Available data:
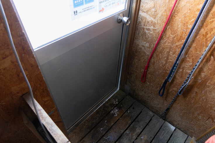 入口の扉の修繕は何度か施してきましたが、長年の老朽化によりサッシが歪み、扉を閉めても隙間が出来てしまう状態になっています。
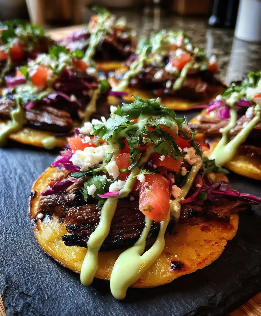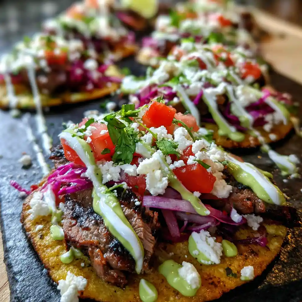 - Assemble the Tostadas: Now for the fun part! Layer the warm, bean-coated tostadas with the thinly sliced carne asada, diced tomato, shredded red cabbage, and a few rings of the quick-pickled red onion. Drizzle generously with the avocado lime crema, creating a beautiful zigzag pattern. Finally, sprinkle with crumbled queso fresco and the remaining chopped cilantro.
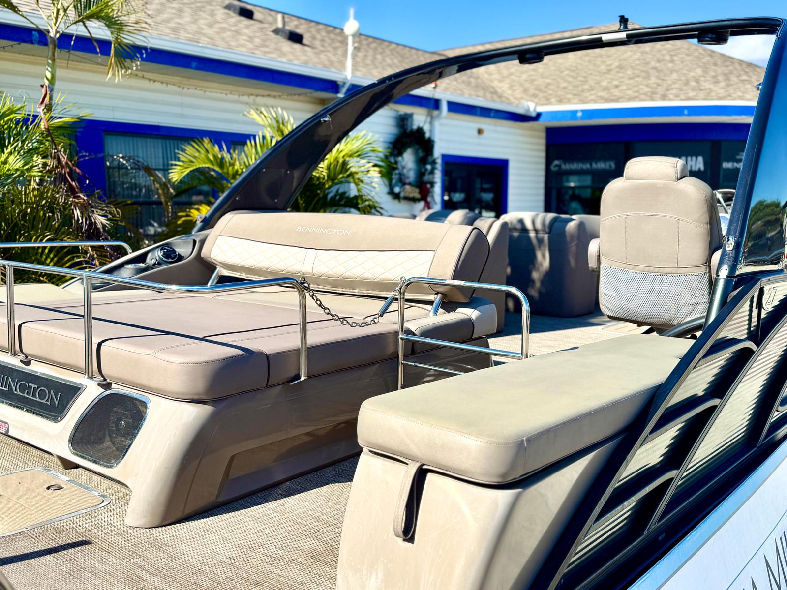 Beyond its recreational appeal, the Bennington 28 RSB pontoon boat for sale offers a range of practical benefits. The spacious deck provides ample storage for gear, water toys, and personal items, keeping the area clutter-free and organized. The pontoon’s design makes docking and maneuvering straightforward, even for those new to boating. Fuel efficiency is enhanced by the modern engine setup, allowing you to spend more time on the water and less time at the pump.The durable construction and quality materials ensure this Bennington boat for sale is built to last, providing peace of mind for years to come. Maintenance is simplified thanks to the thoughtful engineering, making ownership as enjoyable as the time you spend on the water. Whether you’re planning day trips, weekend getaways, or extended cruises, the Bennington 28 RSB is equipped to handle it all with ease.

What to produce:
Return the listing above unchanged, apart from dropping its pictures.

Completed task:
 入口の扉の修繕は何度か施してきましたが、長年の老朽化によりサッシが歪み、扉を閉めても隙間が出来てしまう状態になっています。
 - Assemble the Tostadas: Now for the fun part! Layer the warm, bean-coated tostadas with the thinly sliced carne asada, diced tomato, shredded red cabbage, and a few rings of the quick-pickled red onion. Drizzle generously with the avocado lime crema, creating a beautiful zigzag pattern. Finally, sprinkle with crumbled queso fresco and the remaining chopped cilantro.
 Beyond its recreational appeal, the Bennington 28 RSB pontoon boat for sale offers a range of practical benefits. The spacious deck provides ample storage for gear, water toys, and personal items, keeping the area clutter-free and organized. The pontoon’s design makes docking and maneuvering straightforward, even for those new to boating. Fuel efficiency is enhanced by the modern engine setup, allowing you to spend more time on the water and less time at the pump.The durable construction and quality materials ensure this Bennington boat for sale is built to last, providing peace of mind for years to come. Maintenance is simplified thanks to the thoughtful engineering, making ownership as enjoyable as the time you spend on the water. Whether you’re planning day trips, weekend getaways, or extended cruises, the Bennington 28 RSB is equipped to handle it all with ease.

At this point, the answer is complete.